A operação funciona como um verdadeiro “check-up” permanente da produção citrícola brasileira, com foco em impedir a disseminação da doença e preservar a liderança do Brasil no mercado internacional de suco de laranja.
Segundo dados da CitrusBR, o país é responsável por cerca de 75% do comércio global da bebida. Na prática, isso significa que três de cada cinco copos de suco de laranja consumidos no planeta têm origem em pomares brasileiros, resultado sustentado por um rigoroso sistema de vigilância sanitária e rastreabilidade.

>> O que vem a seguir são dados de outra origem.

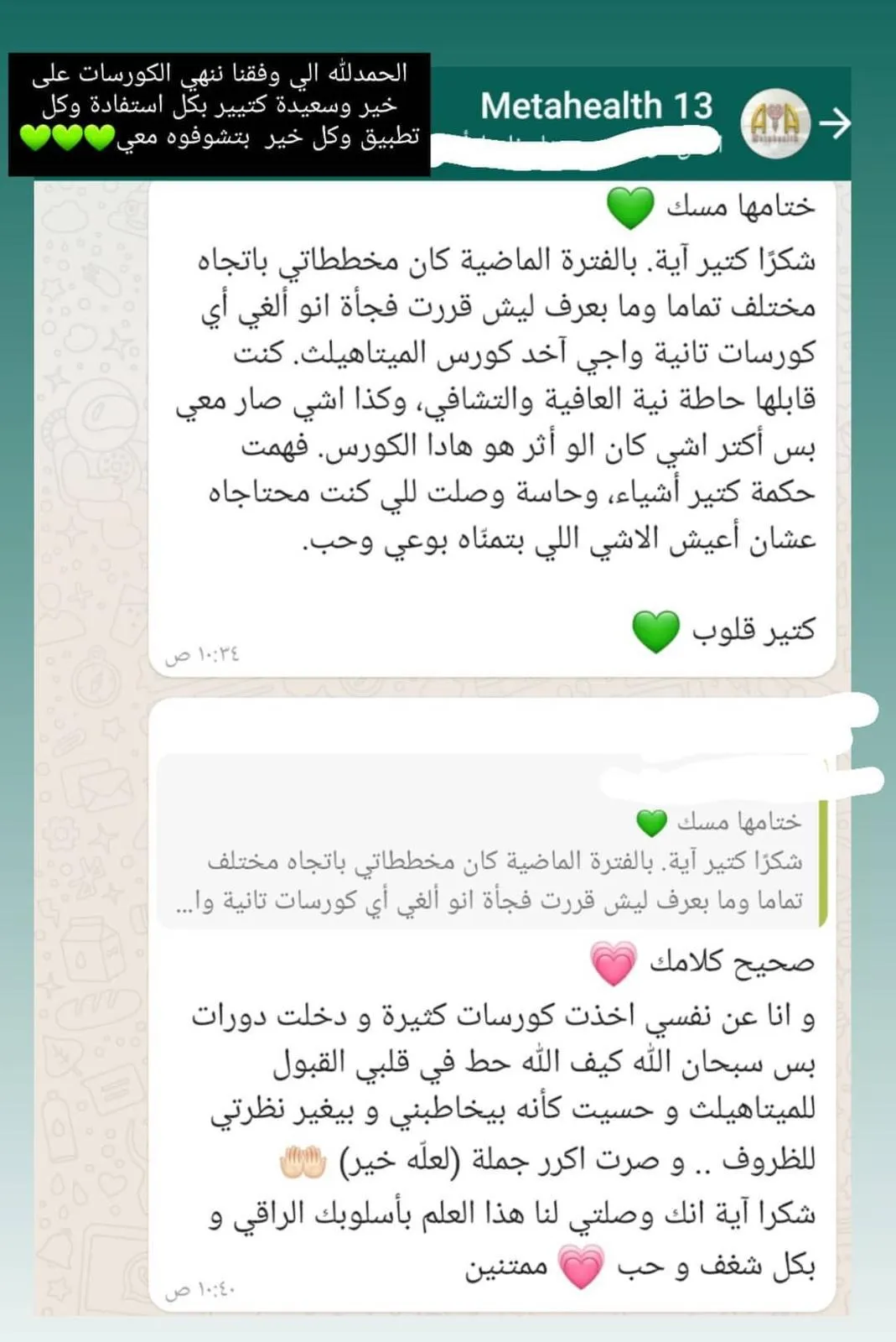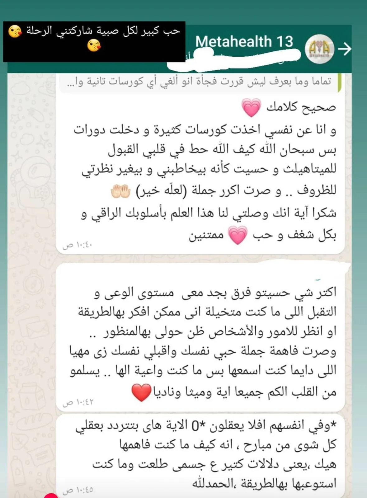 رسالتي جمعتها كخميرة عطرية عبر السنين ..هدفها الاتصال الواعي بين الروح والنفس والجسد لأني أؤمن أن الإنسان كتلة متكاملة الأركان.. جمعت خلال مسيرتي المتواضعة دراسات أكاديمية في الصيدلة وعلم النفس،وأضفت عليهم علم الميتاهيلث التشخيصي الذي يربط الجسد بالنفس والصدمات.. مع علوم متنوعة من العلاج بالفن ودبلوم تعديل السلوك والكوتشينغ والأهم شغفي بالتدبر والبحث في القران الكريم لإيماني بأنه الدستور الأهم والأشمل .. رسالتي في هذه الحياة أن أساعدك وألهمك لتتعلم رسائل وآيات الله المختلفة حولك..بدءا من نفسك أولاً لتزكي نفسك وتعيدها لفطرتها فتتذوق نعيم ولذة القرب من الله

Fiscalização é considerada essencial para evitar colapso produtivo
As ações conduzidas pelos Auditores incluem levantamento fitossanitário em propriedades rurais, fiscalização do trânsito vegetal, inspeção de viveiros e monitoramento do psilídeo, inseto transmissor do Greening. O trabalho segue as diretrizes do Programa Nacional de Prevenção e Controle do HLB, coordenado pelo Ministério da Agricultura e Pecuária (Mapa) em parceria com os órgãos estaduais de defesa agropecuária.
O controle rigoroso sobre mudas e materiais vegetais é apontado como uma das principais barreiras para evitar a disseminação da doença entre regiões produtoras. Sem esse sistema de fiscalização, especialistas alertam que a cadeia citrícola brasileira poderia enfrentar perdas severas de produtividade, comprometendo exportações, abastecimento interno e preços ao consumidor.
O cenário é comparado ao ocorrido na Flórida, nos Estados Unidos, onde o avanço do Greening provocou forte redução na produção de laranja ao longo dos últimos anos.
Defesa agropecuária sustenta competitividade internacional
O presidente do Sindicato Nacional dos Auditores Fiscais Federais Agropecuários (Anffa Sindical), Janus Pablo Macedo, afirma que a defesa agropecuária exerce papel estratégico para a economia brasileira e para a segurança alimentar.
Segundo ele, o trabalho dos Auditores funciona como uma barreira técnica indispensável para preservar a competitividade do produto nacional no exterior e proteger o consumidor brasileiro dos impactos econômicos provocados por eventuais crises sanitárias.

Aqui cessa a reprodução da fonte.